Big data can be defined as any set of data that has high velocity, volume, and variety, also known as the 3Vs (Davenport & Dyche, 2013; Fox & Do, 2013; Podesta, Pritzker, Moniz, Holdren, & Zients, 2014).  What is considered to be big data can change with respect to time.  What is considered as big data in 2002 is not considered big data in 2016 due to advancements made in technology over time (Fox & Do, 2013).  However, given that big data today is too big to be processed just by using one processor, the use of parallel processing allows for data analytics to be conducted through platforms like Hadoop more efficiently (Hortonworks, 2013; IBM, n.d.).

Hadoop: Basic Components and Architecture

Hadoop’s service is part of cloud (as Platform as a Service = PaaS).  For PaaS, the end users manage the applications and data, whereas the provider (Hadoop), administers the runtime, middleware, O/S, virtualization, servers, storage, and networking (Lau, 2001).

Hadoop is predominately known for its Hadoop Distributed File System (HDFS) where the data is distributed across multiple systems and its code for running MapReduce tasks (Rathbone, 2013).

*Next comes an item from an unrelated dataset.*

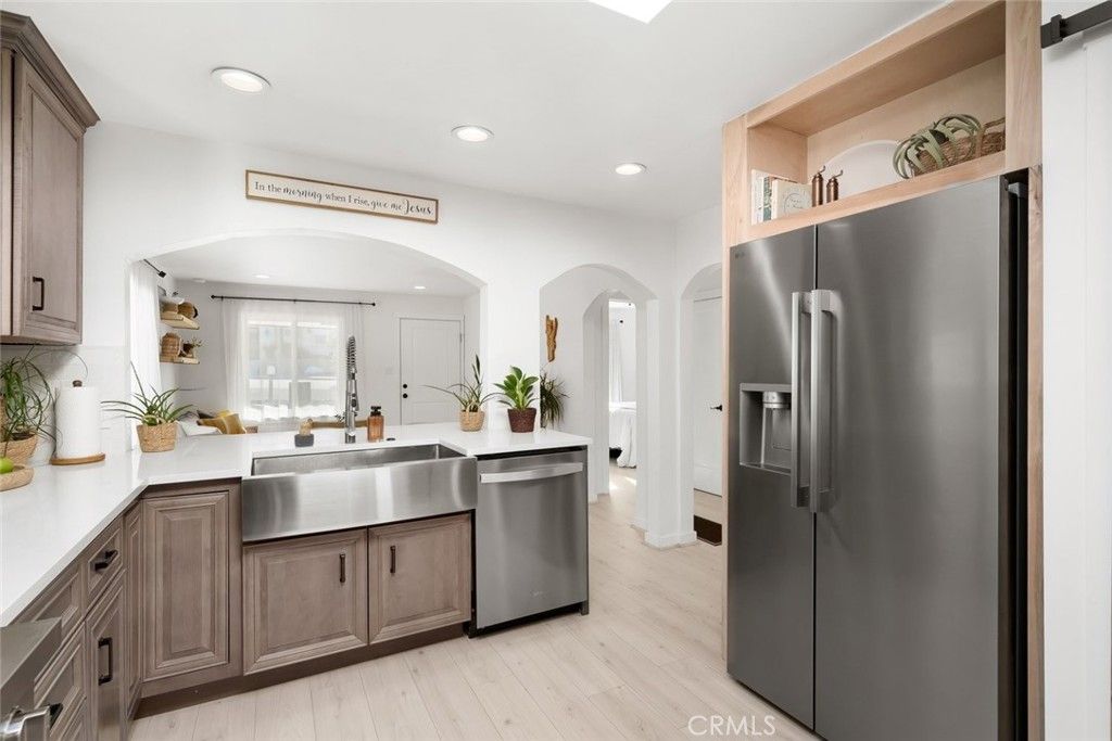 Beautifully updated 3-bedroom, 2-bath home, ideally located just a few blocks from the beach on a spacious R2 lot. Whether you're seeking multi-generational living or an opportunity to offset your mortgage with rental income, this property offers exceptional flexibility. The front of the home welcomes you with a bright, open-concept kitchen designed to impress"”featuring quartz countertops, solid wood cabinetry, a farmhouse-style stainless steel sink, sleek tile backsplash, and a large skylight that fills the space with natural light. Two well-appointed bedrooms and a full bathroom with a solid wood vanity complete this section, with one bedroom offering direct access to a private patio. The back of the home opens up to a stunning flex space with its own private entrance"”perfect as a guest suite, second living area, or oversized primary retreat. This inviting space showcases exposed wood beam ceilings, a cozy tile fireplace, and seamless indoor-outdoor flow to an expansive back deck. The generously sized back bedroom features new French doors and west-facing exposure, capturing ocean breezes and sunset light. An updated kitchenette with stainless steel appliances and subway tile backsplash adds even more convenience. Unwind in the spa-inspired bathroom, complete with a double farmhouse vanity and a walk-in rain shower. Additional highlights include a dedicated laundry room, multiple French doors leading to the backyard, and peek-a-boo ocean and dune views"”with potential for panoramic ocean vistas from a future second story (buyer to verify). Upgrades throughout include Milgard Tuscany windows and doors, luxury vinyl plank flooring, recessed lighting, modern fixtures, and energy-efficient HVAC system with AC mini split for independent climate control of front and back of home. Outside is an entertainer's dream backyard"”featuring a covered dining patio, built-in BBQ area with smoker, warming drawer, and beverage refrigerator, plus a spacious seating area ideal for a fire pit. The lush lawn provides plenty of room for outdoor activities and relaxation. A rare opportunity to enjoy coastal living with built-in flexibility and future potential"”schedule your private showing today!

Data is broken up into small blocks, like Legos, such that they are distributed across a distributed database system and across multiple servers (IBM, n.d.).  Just like Legos, the end the results can be assembled back.  This feature of HDFS allows for Hadoop to manage big data through parallel processing and analysis (Gary et al., 2005, Hortonworks, 2013; IBM, n.d.).  Multiple data types are supported through the HFDS (IBM, n.d.) For Hadoop’s MapReduce function, it can be broken down into two queries.

Parallel processing is key for Hadoop, because it allows for making quick work on a big data set, because rather than having one processor doing all the work, Hadoop splits up the task amongst many processors. One of MapReduce’s main two queries is that it splits the data into the Lego pieces and places them across a group of computer nodes in the HDFS called the mapping procedure (Eini, 2010; IBM, n.d; Hortonworks, 2013; Sathupadi, 2010). The second MapReduce query applied algorithms to reduce the data in each of the computer nodes equally to answer the question that was asked of the data; such that at the end of the parallel processing procedures, the reduced data gets combined and further reduced to provide the final answer (Eini, 2010; IBM, n.d; Hortonworks, 2013; Minelli et al., 2013; Sathupadi, 2010). In other words, data is partitioned, sorted and grouped to provide a key and value as an output (Hortonworks, 2013; Rathbone, 2013; Sathupadi, 2010). Therefore, IBM’s (n.d.) MapReduce functions use the HFDS to house the data and MapReduce runs its procedures on the server in which the data is stored.  Data is stored in a memory, not in cache and allow for continuous service (Gu & Li, 2013; Zaharia et al., 2012).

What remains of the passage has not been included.